_Task brief_
Transcribe only the part of the material below that begins at the line containing "Školní dvoupatrový nevybavený" and ends at the line containing "Maxi White And", with both kept and images left out.

_Information_
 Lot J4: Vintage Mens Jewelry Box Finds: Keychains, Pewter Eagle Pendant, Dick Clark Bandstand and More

* * *

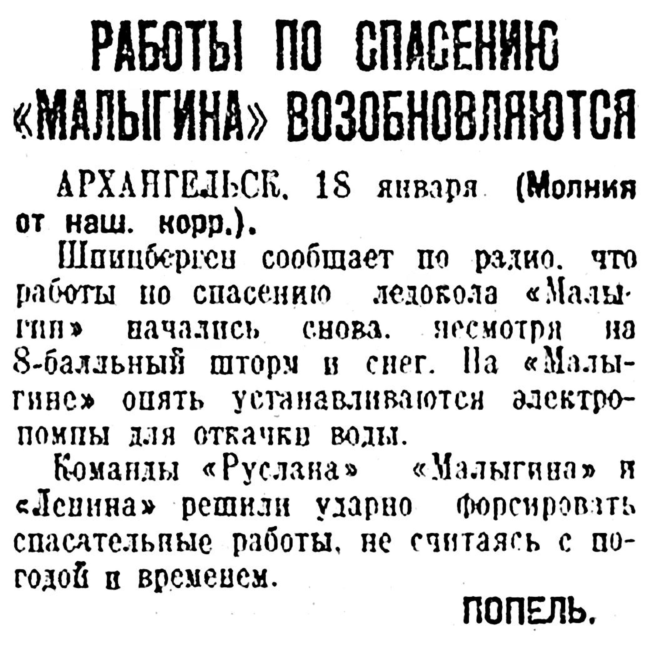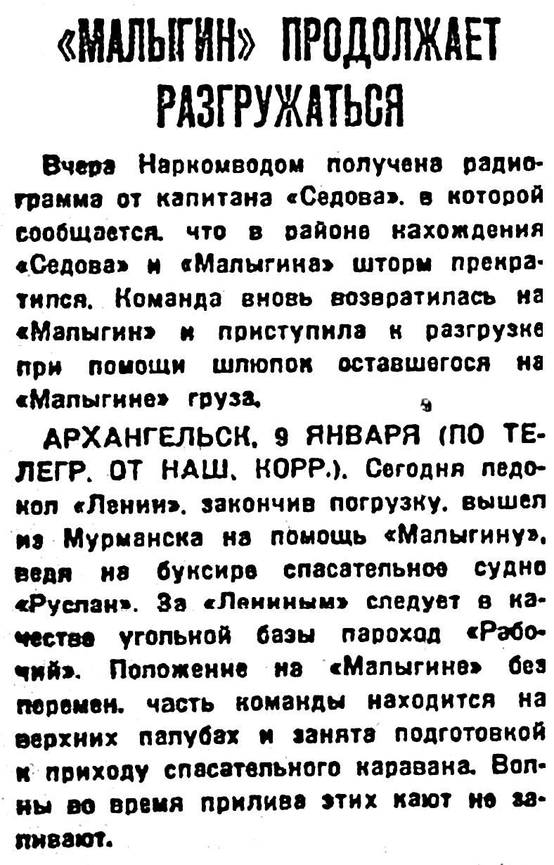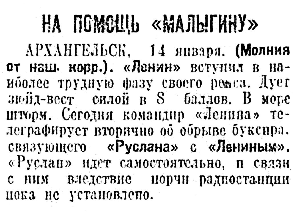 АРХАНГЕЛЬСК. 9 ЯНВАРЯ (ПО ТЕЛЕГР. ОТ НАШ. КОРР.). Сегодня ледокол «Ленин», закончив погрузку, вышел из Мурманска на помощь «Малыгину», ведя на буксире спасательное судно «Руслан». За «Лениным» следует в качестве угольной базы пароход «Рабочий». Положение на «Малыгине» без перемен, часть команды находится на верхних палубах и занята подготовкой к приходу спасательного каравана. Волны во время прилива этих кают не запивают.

---

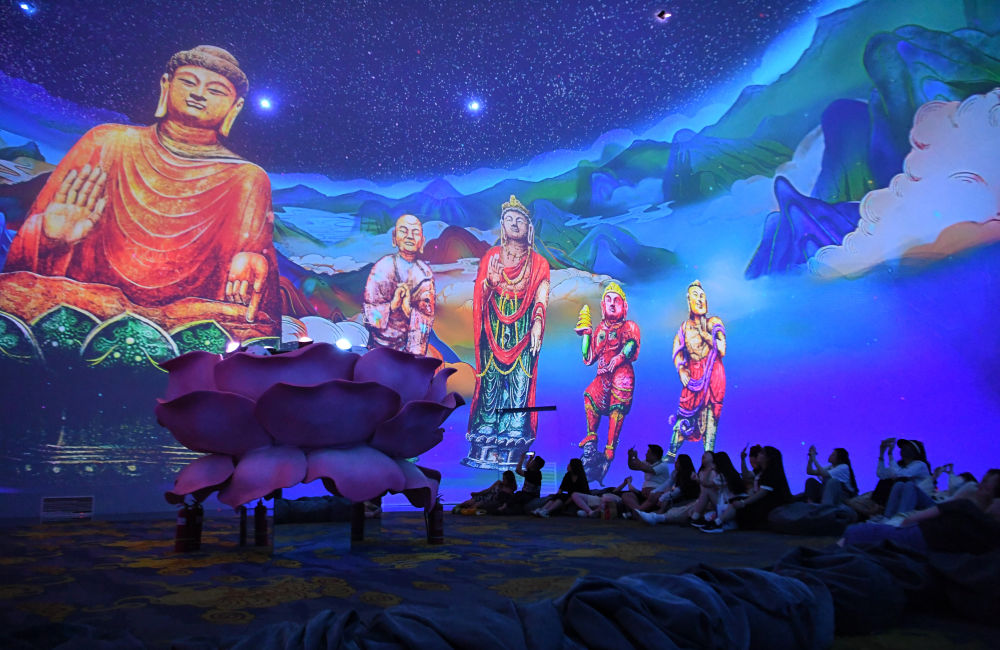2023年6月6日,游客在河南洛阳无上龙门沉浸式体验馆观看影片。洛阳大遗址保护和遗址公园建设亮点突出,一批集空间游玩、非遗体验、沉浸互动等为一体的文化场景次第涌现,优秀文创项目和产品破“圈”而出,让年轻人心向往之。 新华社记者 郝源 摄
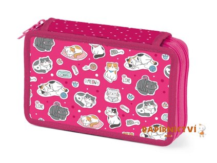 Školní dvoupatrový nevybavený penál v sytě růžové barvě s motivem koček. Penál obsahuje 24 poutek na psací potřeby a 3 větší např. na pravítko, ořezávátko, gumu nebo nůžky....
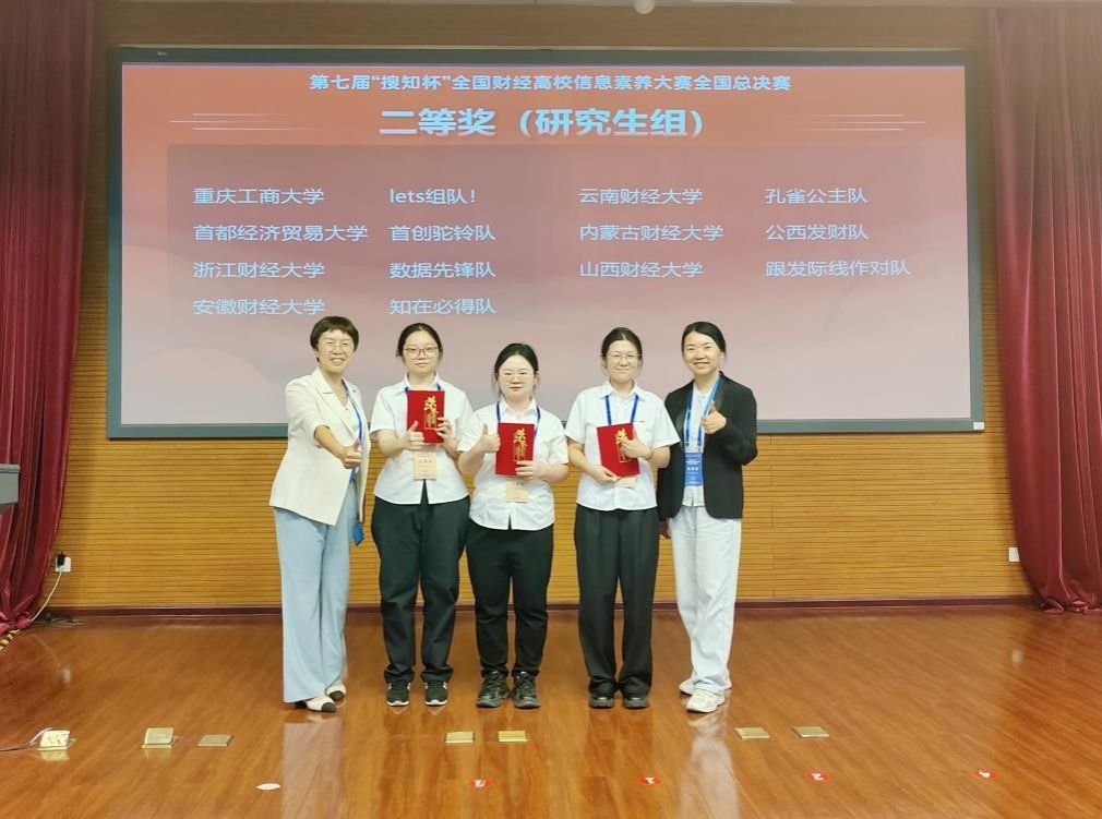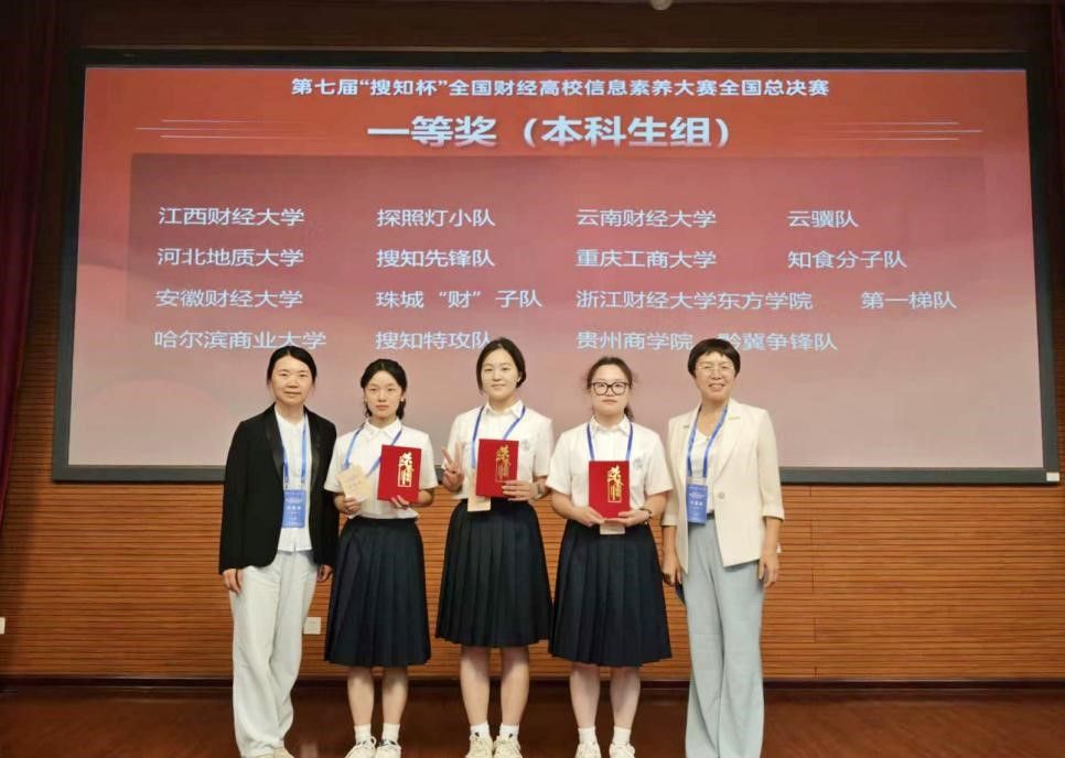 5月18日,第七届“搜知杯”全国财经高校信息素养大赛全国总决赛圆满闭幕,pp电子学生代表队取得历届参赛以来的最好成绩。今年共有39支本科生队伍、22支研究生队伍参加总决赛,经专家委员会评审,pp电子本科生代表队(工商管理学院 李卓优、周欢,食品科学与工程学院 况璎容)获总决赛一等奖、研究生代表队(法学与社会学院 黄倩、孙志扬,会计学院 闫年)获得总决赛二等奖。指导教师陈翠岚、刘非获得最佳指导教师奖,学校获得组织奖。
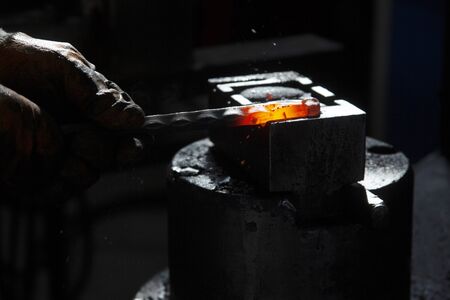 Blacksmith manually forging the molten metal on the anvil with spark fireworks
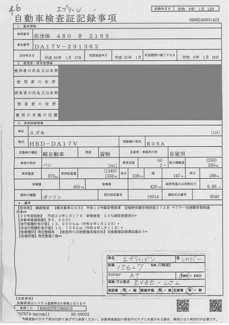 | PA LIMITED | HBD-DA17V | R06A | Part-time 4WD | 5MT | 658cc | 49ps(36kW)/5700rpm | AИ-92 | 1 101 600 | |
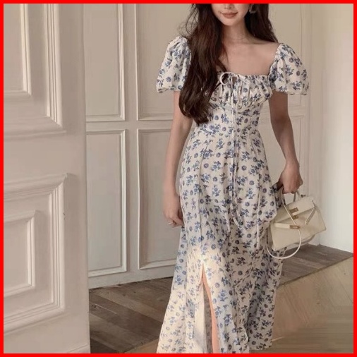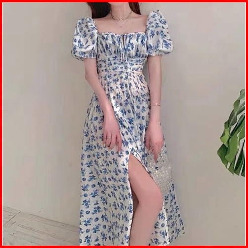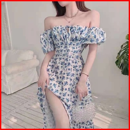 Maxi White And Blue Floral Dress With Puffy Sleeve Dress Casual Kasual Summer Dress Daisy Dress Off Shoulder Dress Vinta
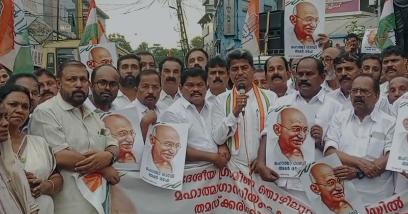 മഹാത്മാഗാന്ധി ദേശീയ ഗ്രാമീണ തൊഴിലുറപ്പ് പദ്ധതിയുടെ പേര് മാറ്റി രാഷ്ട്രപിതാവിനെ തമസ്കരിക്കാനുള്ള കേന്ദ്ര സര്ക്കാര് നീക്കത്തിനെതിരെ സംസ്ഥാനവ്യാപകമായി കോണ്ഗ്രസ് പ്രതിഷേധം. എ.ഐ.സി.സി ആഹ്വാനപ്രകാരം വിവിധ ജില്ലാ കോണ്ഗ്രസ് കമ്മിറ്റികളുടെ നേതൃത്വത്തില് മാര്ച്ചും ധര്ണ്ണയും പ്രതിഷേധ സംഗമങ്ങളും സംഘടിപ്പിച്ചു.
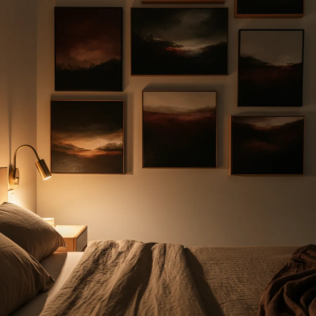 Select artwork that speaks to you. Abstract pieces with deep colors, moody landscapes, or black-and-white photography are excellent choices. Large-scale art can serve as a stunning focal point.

_Task solution_
 Školní dvoupatrový nevybavený penál v sytě růžové barvě s motivem koček. Penál obsahuje 24 poutek na psací potřeby a 3 větší např. na pravítko, ořezávátko, gumu nebo nůžky....
 5月18日,第七届“搜知杯”全国财经高校信息素养大赛全国总决赛圆满闭幕,pp电子学生代表队取得历届参赛以来的最好成绩。今年共有39支本科生队伍、22支研究生队伍参加总决赛,经专家委员会评审,pp电子本科生代表队(工商管理学院 李卓优、周欢,食品科学与工程学院 况璎容)获总决赛一等奖、研究生代表队(法学与社会学院 黄倩、孙志扬,会计学院 闫年)获得总决赛二等奖。指导教师陈翠岚、刘非获得最佳指导教师奖,学校获得组织奖。
 Blacksmith manually forging the molten metal on the anvil with spark fireworks
 | PA LIMITED | HBD-DA17V | R06A | Part-time 4WD | 5MT | 658cc | 49ps(36kW)/5700rpm | AИ-92 | 1 101 600 | |
 Maxi White And Blue Floral Dress With Puffy Sleeve Dress Casual Kasual Summer Dress Daisy Dress Off Shoulder Dress Vinta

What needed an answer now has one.